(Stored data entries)
»»

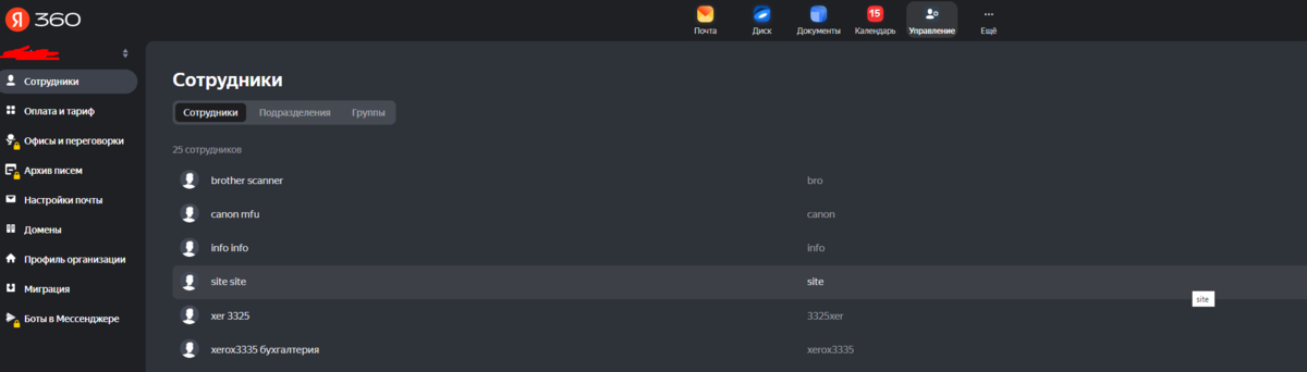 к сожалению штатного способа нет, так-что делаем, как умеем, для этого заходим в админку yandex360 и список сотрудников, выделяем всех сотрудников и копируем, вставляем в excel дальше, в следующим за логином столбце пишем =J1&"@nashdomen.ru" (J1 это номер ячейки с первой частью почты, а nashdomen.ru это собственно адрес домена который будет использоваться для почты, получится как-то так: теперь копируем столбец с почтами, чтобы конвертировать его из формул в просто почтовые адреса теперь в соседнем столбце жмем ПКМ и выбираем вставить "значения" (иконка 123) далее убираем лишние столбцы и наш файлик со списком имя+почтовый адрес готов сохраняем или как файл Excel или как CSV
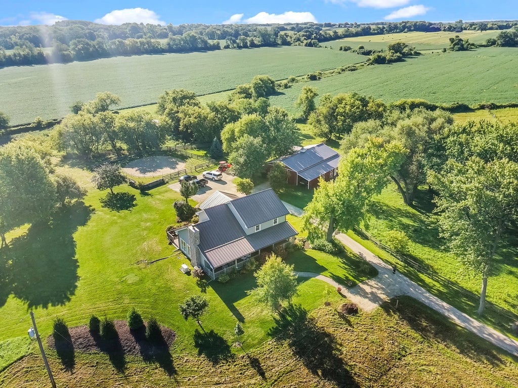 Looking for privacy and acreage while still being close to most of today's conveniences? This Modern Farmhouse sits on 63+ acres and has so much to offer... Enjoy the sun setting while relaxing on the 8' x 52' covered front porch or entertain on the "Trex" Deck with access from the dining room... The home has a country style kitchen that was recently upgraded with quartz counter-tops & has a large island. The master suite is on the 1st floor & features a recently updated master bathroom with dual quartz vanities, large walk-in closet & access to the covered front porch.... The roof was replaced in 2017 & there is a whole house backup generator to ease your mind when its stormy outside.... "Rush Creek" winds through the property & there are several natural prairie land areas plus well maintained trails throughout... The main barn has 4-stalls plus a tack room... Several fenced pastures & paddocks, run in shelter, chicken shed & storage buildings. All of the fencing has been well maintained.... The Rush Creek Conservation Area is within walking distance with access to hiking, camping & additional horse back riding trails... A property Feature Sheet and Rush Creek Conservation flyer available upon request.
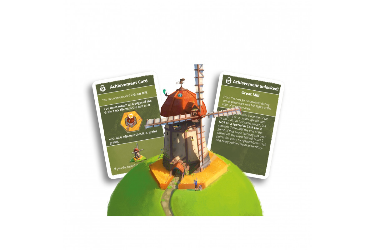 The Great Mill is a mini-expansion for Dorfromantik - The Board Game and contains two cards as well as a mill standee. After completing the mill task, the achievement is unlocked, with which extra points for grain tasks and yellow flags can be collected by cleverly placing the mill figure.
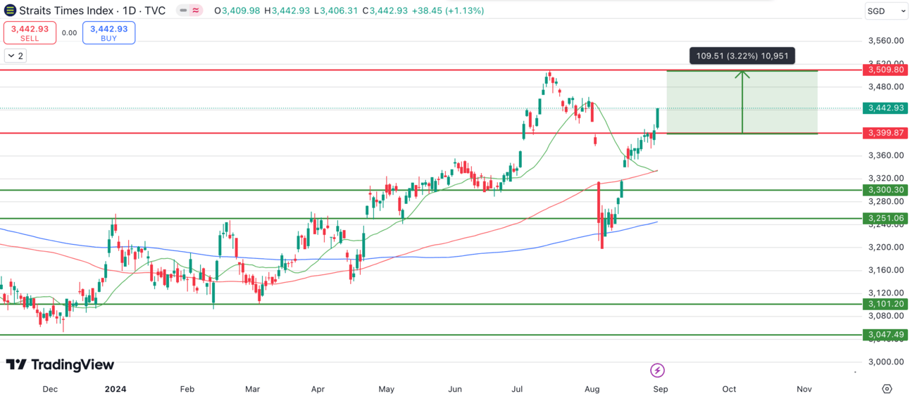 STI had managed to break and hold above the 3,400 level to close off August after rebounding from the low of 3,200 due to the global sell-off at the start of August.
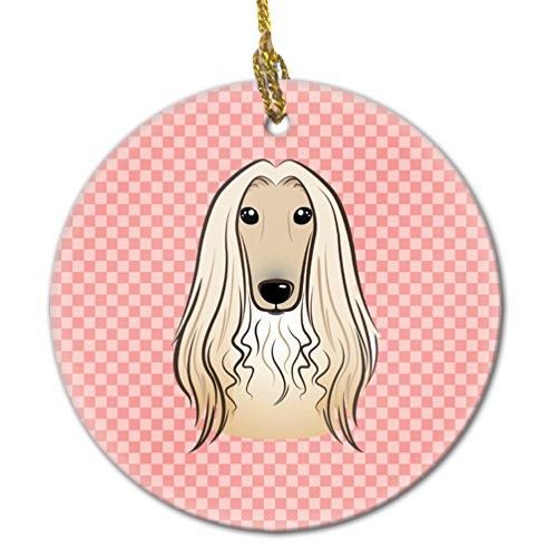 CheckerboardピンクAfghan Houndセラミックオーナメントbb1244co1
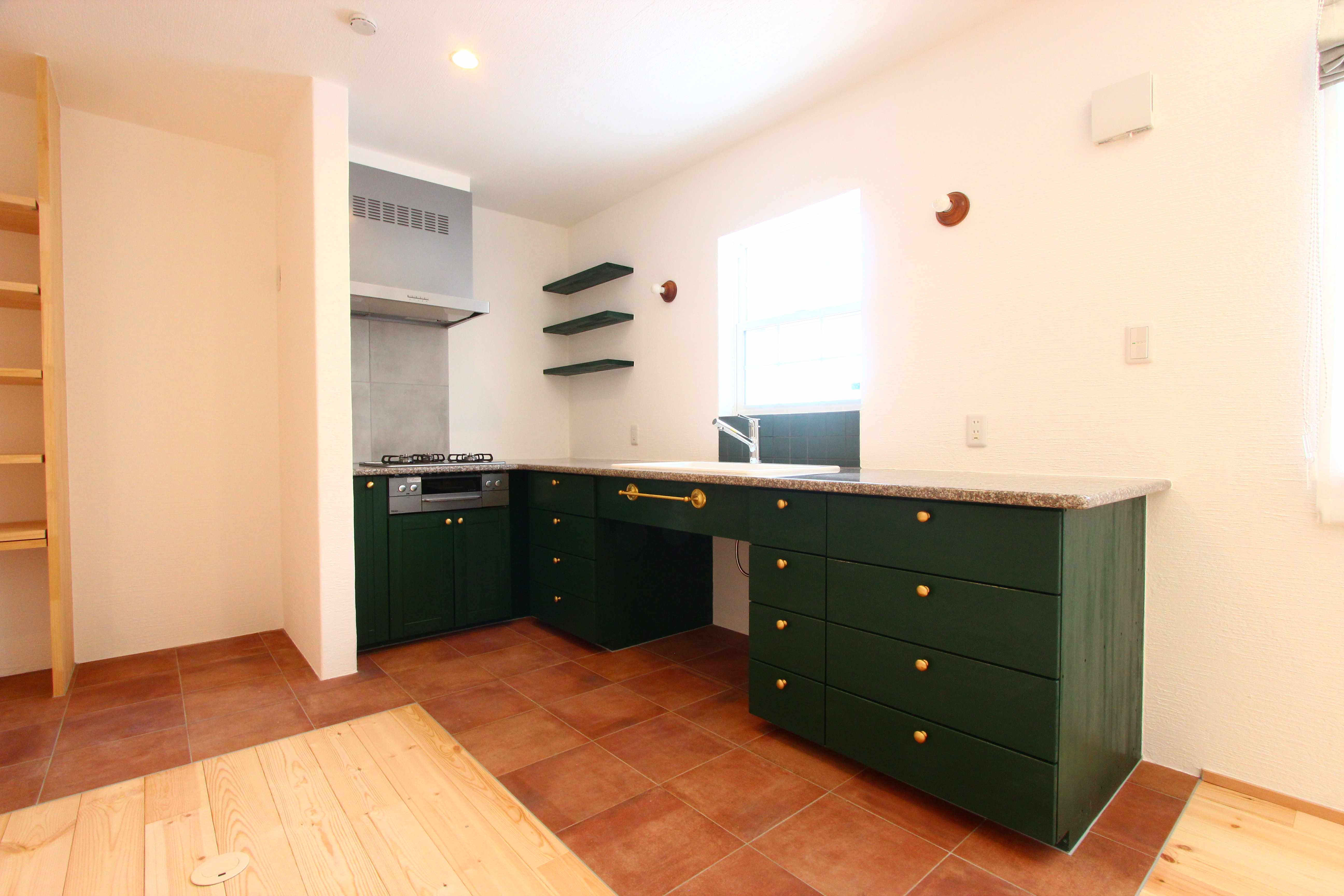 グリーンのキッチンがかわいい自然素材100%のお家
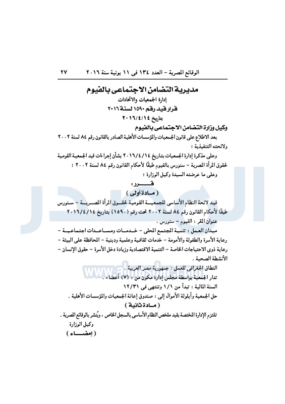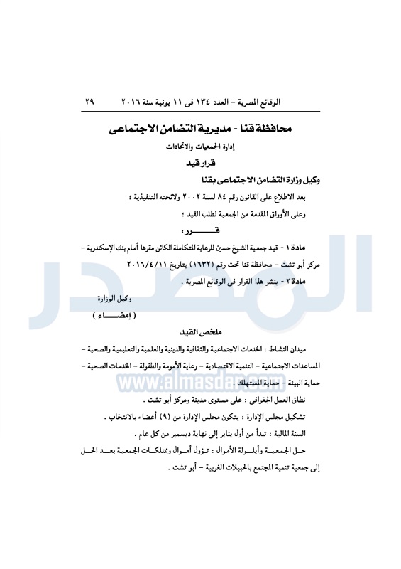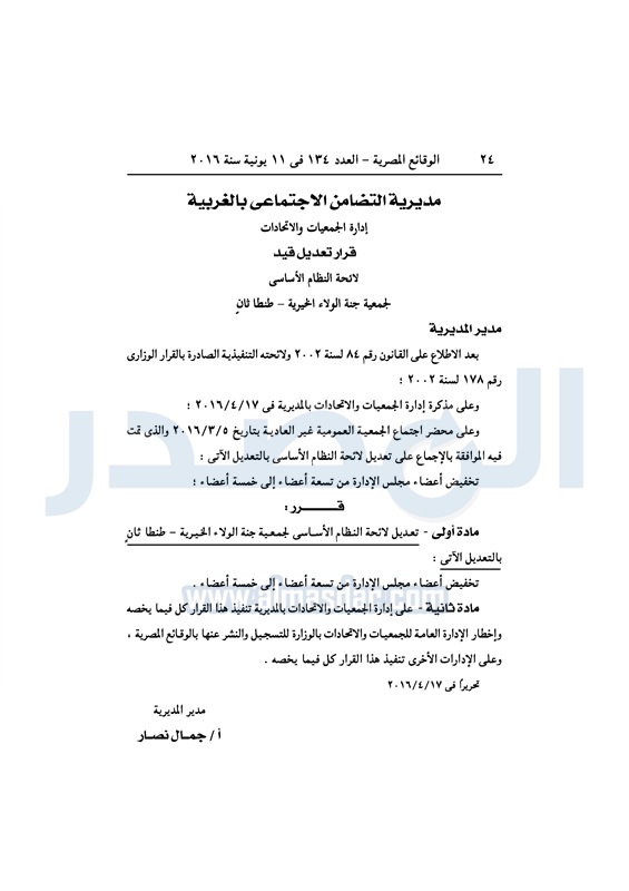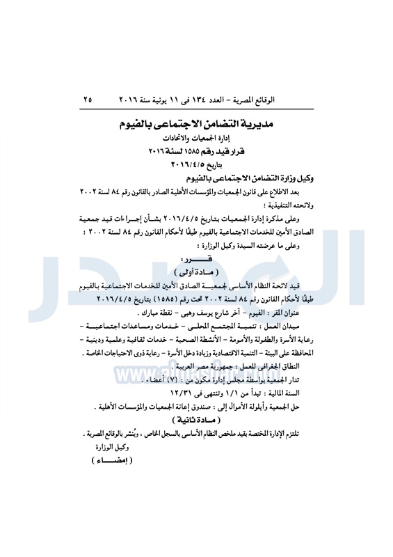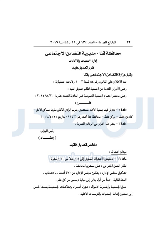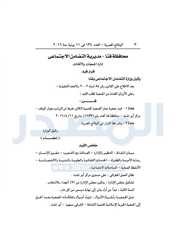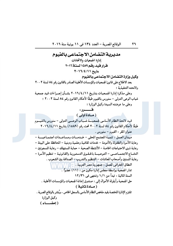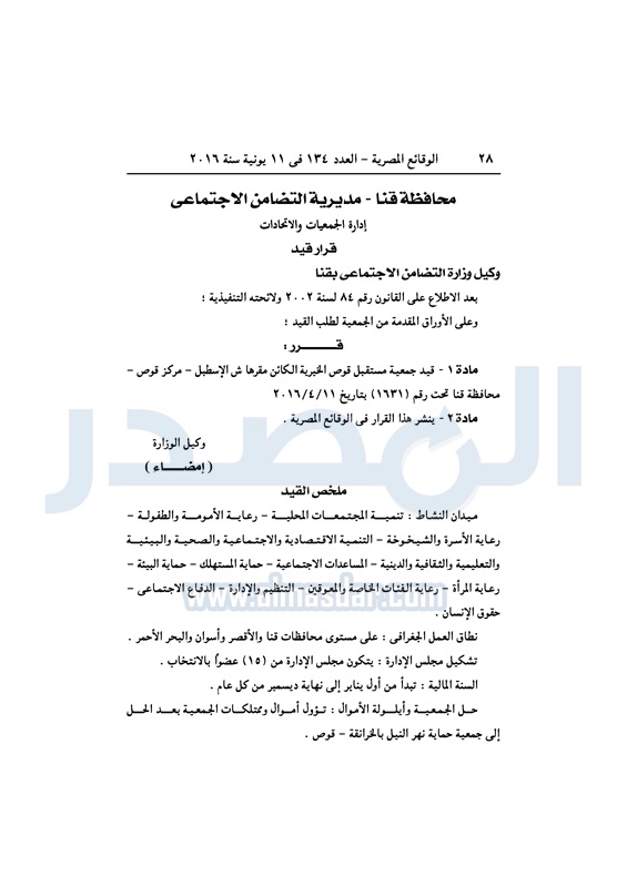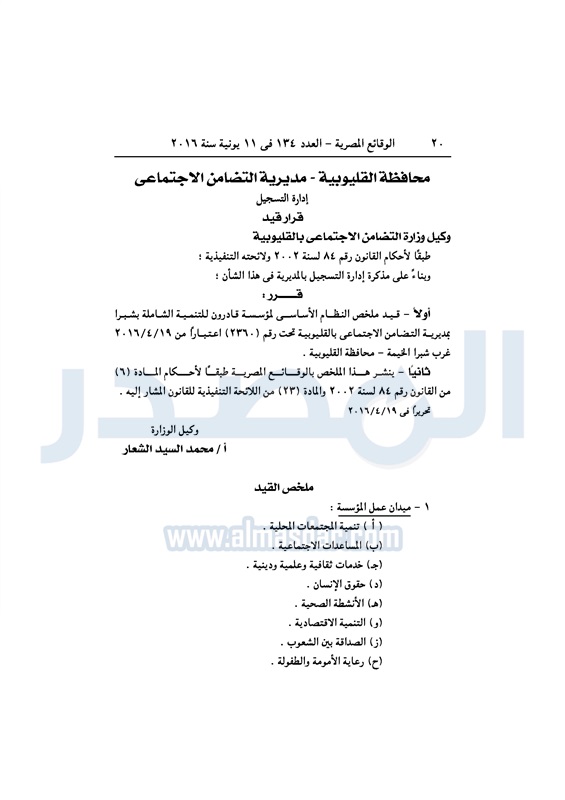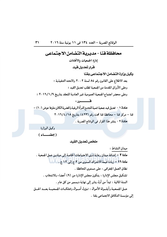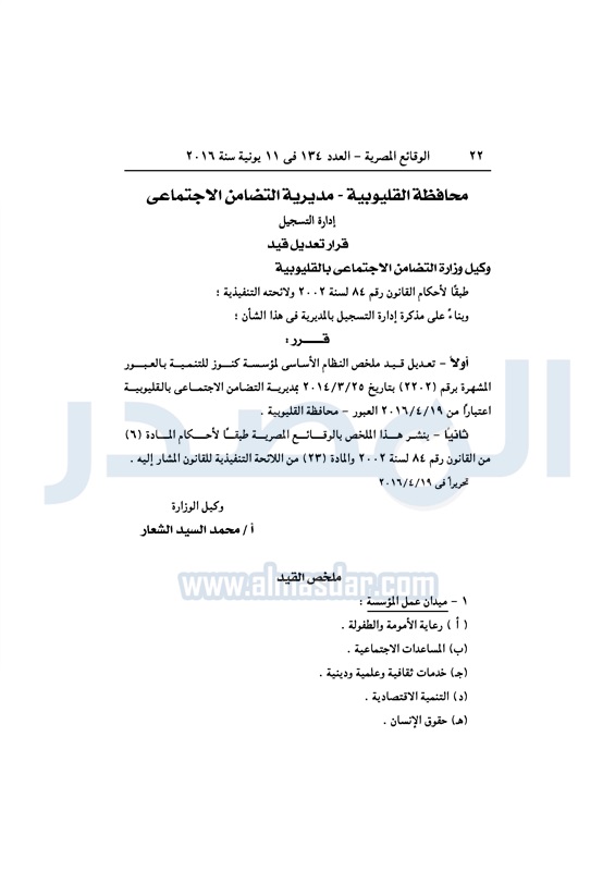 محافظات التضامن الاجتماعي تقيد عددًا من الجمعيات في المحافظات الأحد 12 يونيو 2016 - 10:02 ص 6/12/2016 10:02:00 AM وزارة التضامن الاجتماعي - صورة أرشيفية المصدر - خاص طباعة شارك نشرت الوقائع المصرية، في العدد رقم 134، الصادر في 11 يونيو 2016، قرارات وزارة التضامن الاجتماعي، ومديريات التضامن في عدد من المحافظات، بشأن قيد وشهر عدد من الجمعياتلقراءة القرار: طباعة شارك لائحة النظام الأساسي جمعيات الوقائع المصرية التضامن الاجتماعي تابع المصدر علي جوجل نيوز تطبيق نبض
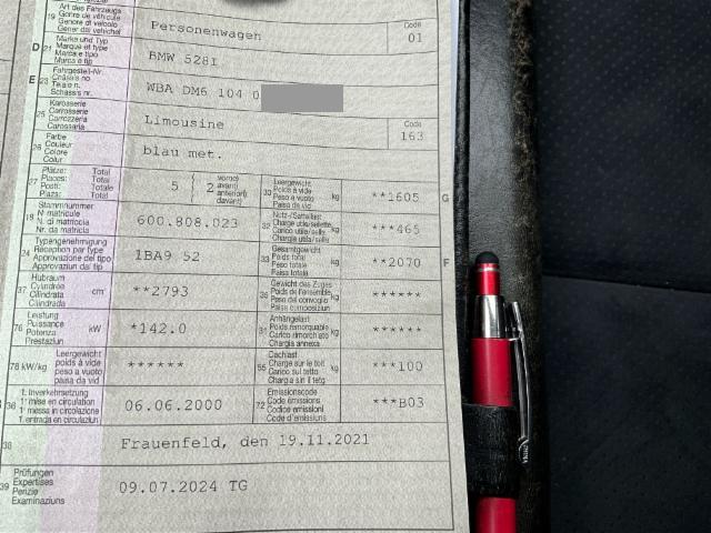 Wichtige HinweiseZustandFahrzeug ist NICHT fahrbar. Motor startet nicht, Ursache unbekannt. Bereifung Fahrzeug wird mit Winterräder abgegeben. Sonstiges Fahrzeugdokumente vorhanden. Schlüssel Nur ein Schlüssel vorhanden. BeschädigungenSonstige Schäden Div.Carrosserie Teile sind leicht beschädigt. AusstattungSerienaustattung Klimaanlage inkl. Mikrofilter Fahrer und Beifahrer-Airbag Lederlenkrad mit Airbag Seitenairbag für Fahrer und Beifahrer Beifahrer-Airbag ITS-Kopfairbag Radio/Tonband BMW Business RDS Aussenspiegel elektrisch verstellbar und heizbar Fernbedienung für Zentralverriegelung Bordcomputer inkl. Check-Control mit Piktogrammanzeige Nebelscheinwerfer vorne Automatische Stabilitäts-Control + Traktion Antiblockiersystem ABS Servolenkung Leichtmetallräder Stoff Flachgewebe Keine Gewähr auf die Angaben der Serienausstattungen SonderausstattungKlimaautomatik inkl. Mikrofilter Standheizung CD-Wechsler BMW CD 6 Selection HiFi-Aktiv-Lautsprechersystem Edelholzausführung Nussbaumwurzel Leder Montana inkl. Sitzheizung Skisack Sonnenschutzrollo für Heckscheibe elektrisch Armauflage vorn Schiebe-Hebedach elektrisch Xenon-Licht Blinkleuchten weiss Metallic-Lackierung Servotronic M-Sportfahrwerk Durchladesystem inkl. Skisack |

««

● Task to carry out
From the entries above, output every line exactly and omit any image.

● Answer to this exercise
 к сожалению штатного способа нет, так-что делаем, как умеем, для этого заходим в админку yandex360 и список сотрудников, выделяем всех сотрудников и копируем, вставляем в excel дальше, в следующим за логином столбце пишем =J1&"@nashdomen.ru" (J1 это номер ячейки с первой частью почты, а nashdomen.ru это собственно адрес домена который будет использоваться для почты, получится как-то так: теперь копируем столбец с почтами, чтобы конвертировать его из формул в просто почтовые адреса теперь в соседнем столбце жмем ПКМ и выбираем вставить "значения" (иконка 123) далее убираем лишние столбцы и наш файлик со списком имя+почтовый адрес готов сохраняем или как файл Excel или как CSV
 Looking for privacy and acreage while still being close to most of today's conveniences? This Modern Farmhouse sits on 63+ acres and has so much to offer... Enjoy the sun setting while relaxing on the 8' x 52' covered front porch or entertain on the "Trex" Deck with access from the dining room... The home has a country style kitchen that was recently upgraded with quartz counter-tops & has a large island. The master suite is on the 1st floor & features a recently updated master bathroom with dual quartz vanities, large walk-in closet & access to the covered front porch.... The roof was replaced in 2017 & there is a whole house backup generator to ease your mind when its stormy outside.... "Rush Creek" winds through the property & there are several natural prairie land areas plus well maintained trails throughout... The main barn has 4-stalls plus a tack room... Several fenced pastures & paddocks, run in shelter, chicken shed & storage buildings. All of the fencing has been well maintained.... The Rush Creek Conservation Area is within walking distance with access to hiking, camping & additional horse back riding trails... A property Feature Sheet and Rush Creek Conservation flyer available upon request.
 The Great Mill is a mini-expansion for Dorfromantik - The Board Game and contains two cards as well as a mill standee. After completing the mill task, the achievement is unlocked, with which extra points for grain tasks and yellow flags can be collected by cleverly placing the mill figure.
 STI had managed to break and hold above the 3,400 level to close off August after rebounding from the low of 3,200 due to the global sell-off at the start of August.
 CheckerboardピンクAfghan Houndセラミックオーナメントbb1244co1
 グリーンのキッチンがかわいい自然素材100%のお家
 محافظات التضامن الاجتماعي تقيد عددًا من الجمعيات في المحافظات الأحد 12 يونيو 2016 - 10:02 ص 6/12/2016 10:02:00 AM وزارة التضامن الاجتماعي - صورة أرشيفية المصدر - خاص طباعة شارك نشرت الوقائع المصرية، في العدد رقم 134، الصادر في 11 يونيو 2016، قرارات وزارة التضامن الاجتماعي، ومديريات التضامن في عدد من المحافظات، بشأن قيد وشهر عدد من الجمعياتلقراءة القرار: طباعة شارك لائحة النظام الأساسي جمعيات الوقائع المصرية التضامن الاجتماعي تابع المصدر علي جوجل نيوز تطبيق نبض
 Wichtige HinweiseZustandFahrzeug ist NICHT fahrbar. Motor startet nicht, Ursache unbekannt. Bereifung Fahrzeug wird mit Winterräder abgegeben. Sonstiges Fahrzeugdokumente vorhanden. Schlüssel Nur ein Schlüssel vorhanden. BeschädigungenSonstige Schäden Div.Carrosserie Teile sind leicht beschädigt. AusstattungSerienaustattung Klimaanlage inkl. Mikrofilter Fahrer und Beifahrer-Airbag Lederlenkrad mit Airbag Seitenairbag für Fahrer und Beifahrer Beifahrer-Airbag ITS-Kopfairbag Radio/Tonband BMW Business RDS Aussenspiegel elektrisch verstellbar und heizbar Fernbedienung für Zentralverriegelung Bordcomputer inkl. Check-Control mit Piktogrammanzeige Nebelscheinwerfer vorne Automatische Stabilitäts-Control + Traktion Antiblockiersystem ABS Servolenkung Leichtmetallräder Stoff Flachgewebe Keine Gewähr auf die Angaben der Serienausstattungen SonderausstattungKlimaautomatik inkl. Mikrofilter Standheizung CD-Wechsler BMW CD 6 Selection HiFi-Aktiv-Lautsprechersystem Edelholzausführung Nussbaumwurzel Leder Montana inkl. Sitzheizung Skisack Sonnenschutzrollo für Heckscheibe elektrisch Armauflage vorn Schiebe-Hebedach elektrisch Xenon-Licht Blinkleuchten weiss Metallic-Lackierung Servotronic M-Sportfahrwerk Durchladesystem inkl. Skisack |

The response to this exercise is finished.